# Work task
Restate the listing below word for word, pictures excluded.
--- Given information Enclosed Below ---
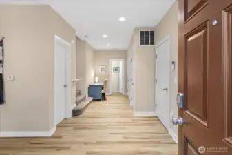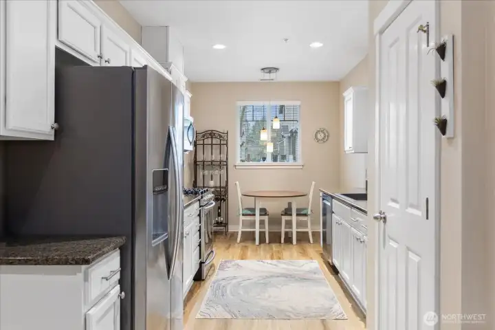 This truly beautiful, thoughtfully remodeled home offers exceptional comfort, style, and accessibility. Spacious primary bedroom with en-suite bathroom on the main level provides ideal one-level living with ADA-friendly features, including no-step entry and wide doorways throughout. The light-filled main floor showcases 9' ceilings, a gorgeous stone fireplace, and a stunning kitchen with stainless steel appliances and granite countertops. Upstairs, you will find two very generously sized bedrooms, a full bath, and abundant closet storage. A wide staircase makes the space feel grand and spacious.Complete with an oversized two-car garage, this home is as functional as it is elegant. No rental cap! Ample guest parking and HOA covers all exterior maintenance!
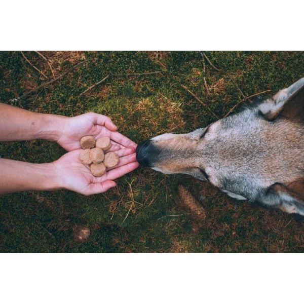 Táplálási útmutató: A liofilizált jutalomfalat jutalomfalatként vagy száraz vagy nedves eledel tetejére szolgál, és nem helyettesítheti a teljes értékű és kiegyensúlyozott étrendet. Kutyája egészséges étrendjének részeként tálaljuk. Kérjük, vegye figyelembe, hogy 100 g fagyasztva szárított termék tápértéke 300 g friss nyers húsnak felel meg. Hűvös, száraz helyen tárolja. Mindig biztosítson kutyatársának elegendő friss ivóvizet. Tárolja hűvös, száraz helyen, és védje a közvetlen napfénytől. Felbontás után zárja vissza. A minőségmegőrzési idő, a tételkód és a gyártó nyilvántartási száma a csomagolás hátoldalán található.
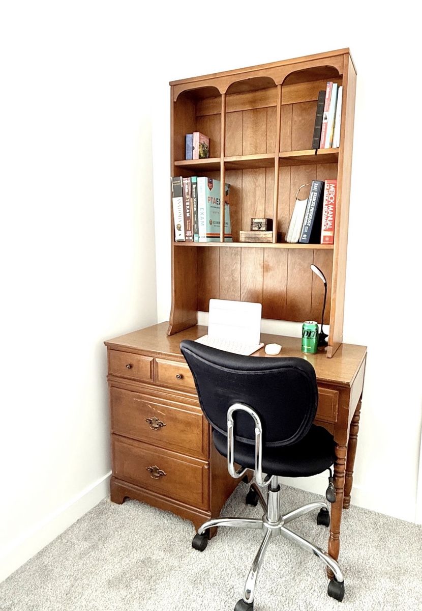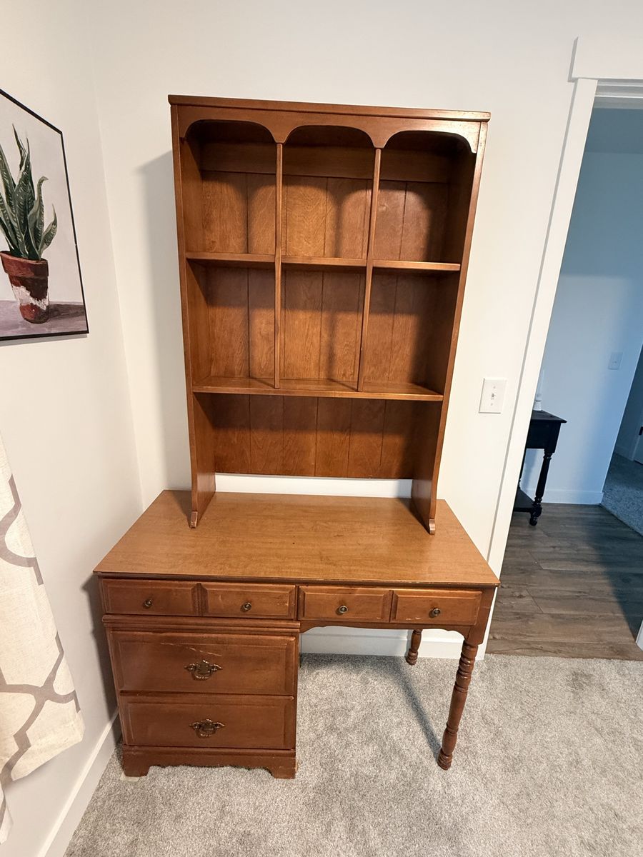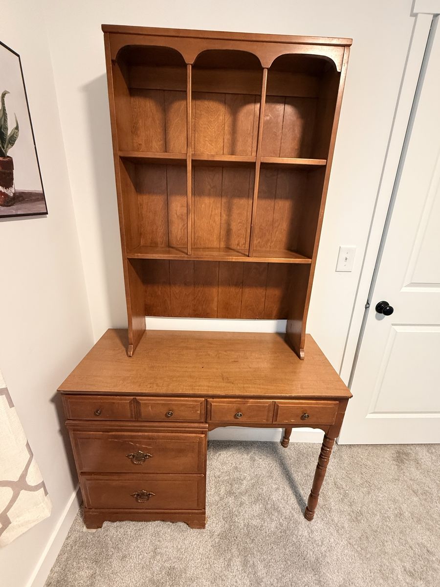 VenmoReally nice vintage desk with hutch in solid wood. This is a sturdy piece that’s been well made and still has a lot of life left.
--- End of Enclosed Given information ---
# Solved problem
 This truly beautiful, thoughtfully remodeled home offers exceptional comfort, style, and accessibility. Spacious primary bedroom with en-suite bathroom on the main level provides ideal one-level living with ADA-friendly features, including no-step entry and wide doorways throughout. The light-filled main floor showcases 9' ceilings, a gorgeous stone fireplace, and a stunning kitchen with stainless steel appliances and granite countertops. Upstairs, you will find two very generously sized bedrooms, a full bath, and abundant closet storage. A wide staircase makes the space feel grand and spacious.Complete with an oversized two-car garage, this home is as functional as it is elegant. No rental cap! Ample guest parking and HOA covers all exterior maintenance!
 Táplálási útmutató: A liofilizált jutalomfalat jutalomfalatként vagy száraz vagy nedves eledel tetejére szolgál, és nem helyettesítheti a teljes értékű és kiegyensúlyozott étrendet. Kutyája egészséges étrendjének részeként tálaljuk. Kérjük, vegye figyelembe, hogy 100 g fagyasztva szárított termék tápértéke 300 g friss nyers húsnak felel meg. Hűvös, száraz helyen tárolja. Mindig biztosítson kutyatársának elegendő friss ivóvizet. Tárolja hűvös, száraz helyen, és védje a közvetlen napfénytől. Felbontás után zárja vissza. A minőségmegőrzési idő, a tételkód és a gyártó nyilvántartási száma a csomagolás hátoldalán található.
 VenmoReally nice vintage desk with hutch in solid wood. This is a sturdy piece that’s been well made and still has a lot of life left.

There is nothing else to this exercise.